Tuesday, February 21, 2006

R.A. Heinlein -

"Throughout history, poverty is the normal condition of man. Advances which permit this norm to be exceeded--here and there, now and then--are the work of an extremely small minority, frequently despised, often condemned, and almost always opposed by all right-thinking people. Whenever this tiny minority is kept from creating, or (as sometimes happens) is driven out of a society, the people then slip back into abject poverty. This is known as "bad luck."

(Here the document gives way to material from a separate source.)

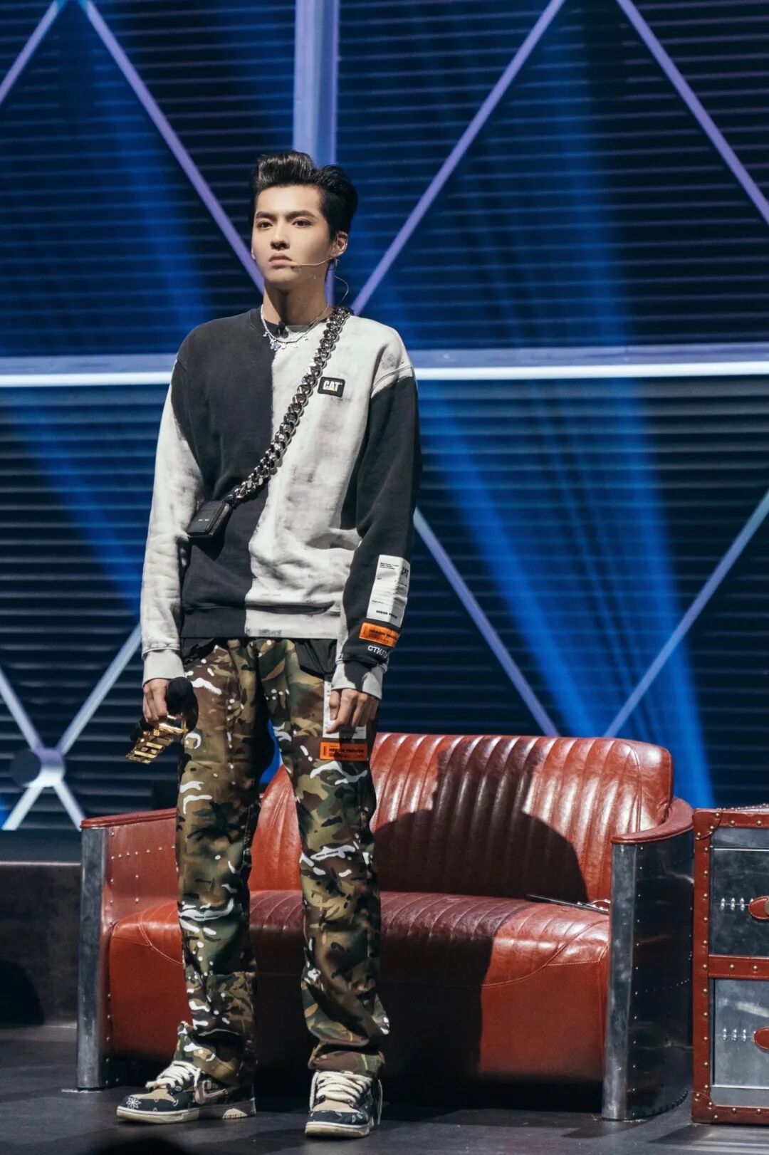 贺峻霖和李昀锐纷纷用它点缀来释放魅力,贺峻霖Pick了几何线性Facet Mirco图案的Airpods包搭配格子衬衫,李昀锐则以亮眼的绿色点缀白TEE,只需要一个超小面积的小包,就能让整套穿搭更出彩。

Wednesday, February 15, 2006

On cognitive dissonance

When someone tries to use a strategy which is dictated by their ideology, and that strategy doesn't seem to work, then they are caught in something of a cognitive bind. If they acknowledge the failure of the strategy, then they would be forced to question their ideology. If questioning the ideology is unthinkable, then the only possible conclusion is that the strategy failed because it wasn't executed sufficiently well. They respond by turning up the power, rather than by considering alternatives. (This is sometimes referred to as "escalation of failure".) - Steven Den Beste

The Law of the Conservation of Stupidity

Stupidity is never eliminated, it merely changes form and location. -Unknown

Friday, February 10, 2006

Oftentimes

things make much more sense if you keep reminding yourself that half of the population is below average intelligence.